____ Material provided
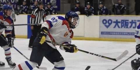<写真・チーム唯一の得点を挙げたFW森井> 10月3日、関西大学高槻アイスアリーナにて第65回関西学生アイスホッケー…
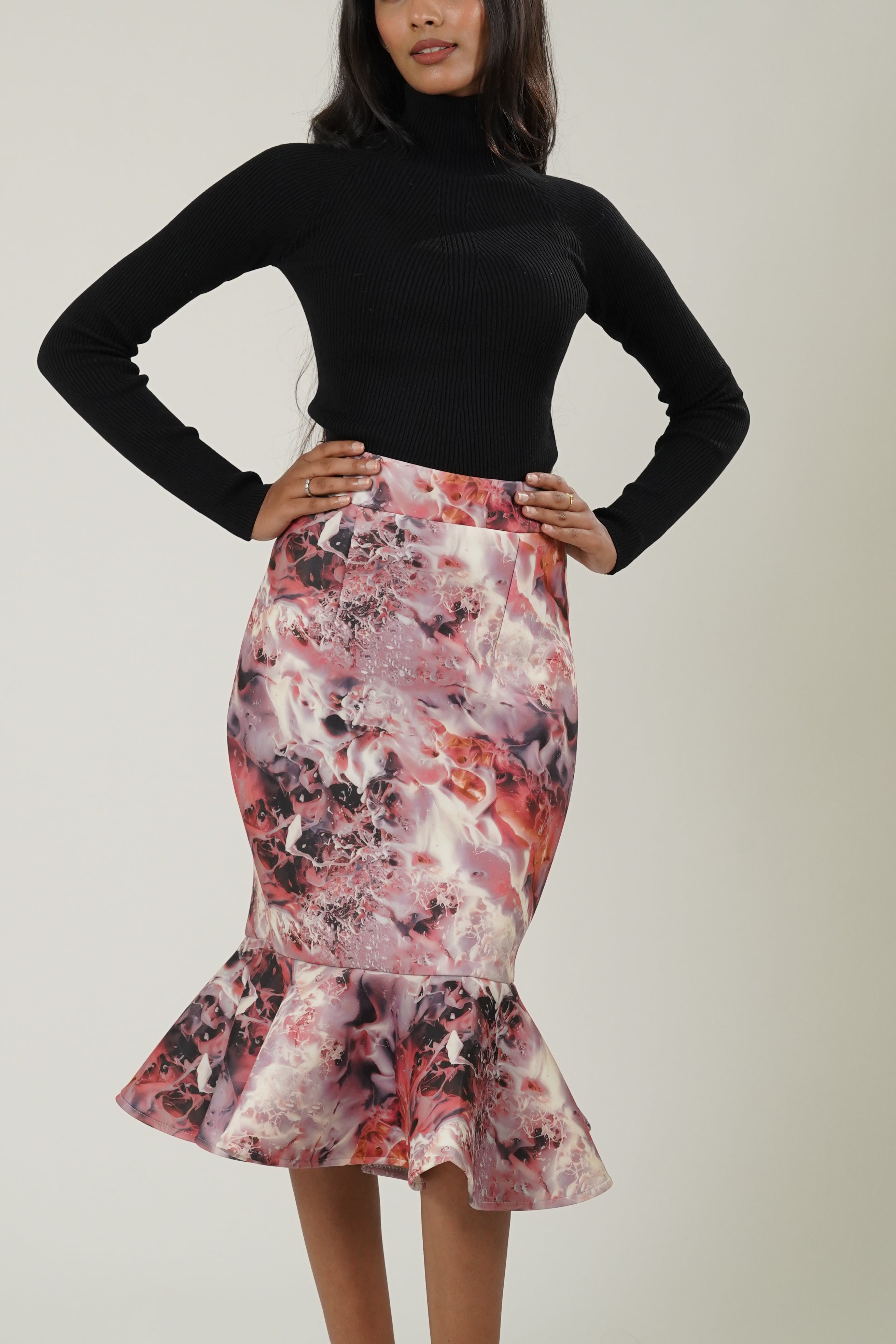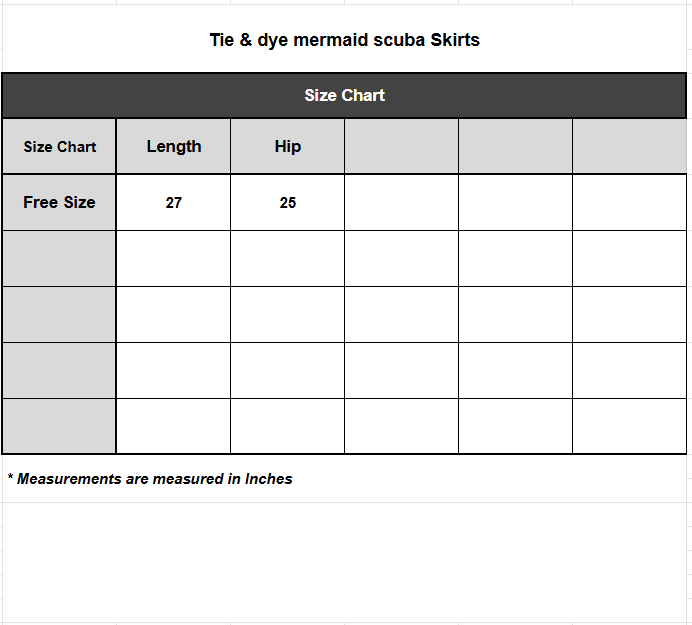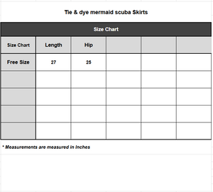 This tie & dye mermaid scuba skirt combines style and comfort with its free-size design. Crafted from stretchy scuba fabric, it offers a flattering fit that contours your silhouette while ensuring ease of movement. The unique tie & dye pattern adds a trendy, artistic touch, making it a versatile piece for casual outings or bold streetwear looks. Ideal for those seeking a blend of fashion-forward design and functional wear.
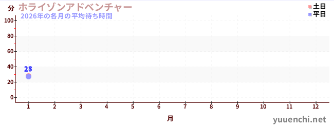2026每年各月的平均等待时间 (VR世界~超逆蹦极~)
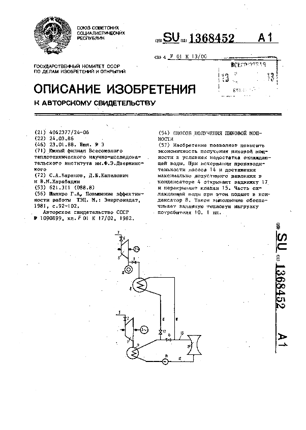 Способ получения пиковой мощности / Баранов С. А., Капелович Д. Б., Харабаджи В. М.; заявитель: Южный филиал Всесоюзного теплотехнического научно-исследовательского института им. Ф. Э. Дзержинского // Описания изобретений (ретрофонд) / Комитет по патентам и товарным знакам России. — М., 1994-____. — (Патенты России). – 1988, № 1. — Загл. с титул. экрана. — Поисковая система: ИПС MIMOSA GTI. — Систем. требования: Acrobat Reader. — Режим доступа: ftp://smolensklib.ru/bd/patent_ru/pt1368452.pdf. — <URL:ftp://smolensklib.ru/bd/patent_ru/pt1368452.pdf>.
________
### The task:
Return the whole of the material above exactly, with no picture carried over.

### Response:
<写真・チーム唯一の得点を挙げたFW森井> 10月3日、関西大学高槻アイスアリーナにて第65回関西学生アイスホッケー…
 This tie & dye mermaid scuba skirt combines style and comfort with its free-size design. Crafted from stretchy scuba fabric, it offers a flattering fit that contours your silhouette while ensuring ease of movement. The unique tie & dye pattern adds a trendy, artistic touch, making it a versatile piece for casual outings or bold streetwear looks. Ideal for those seeking a blend of fashion-forward design and functional wear.
2026每年各月的平均等待时间 (VR世界~超逆蹦极~)
 Способ получения пиковой мощности / Баранов С. А., Капелович Д. Б., Харабаджи В. М.; заявитель: Южный филиал Всесоюзного теплотехнического научно-исследовательского института им. Ф. Э. Дзержинского // Описания изобретений (ретрофонд) / Комитет по патентам и товарным знакам России. — М., 1994-____. — (Патенты России). – 1988, № 1. — Загл. с титул. экрана. — Поисковая система: ИПС MIMOSA GTI. — Систем. требования: Acrobat Reader. — Режим доступа: ftp://smolensklib.ru/bd/patent_ru/pt1368452.pdf. — <URL:ftp://smolensklib.ru/bd/patent_ru/pt1368452.pdf>.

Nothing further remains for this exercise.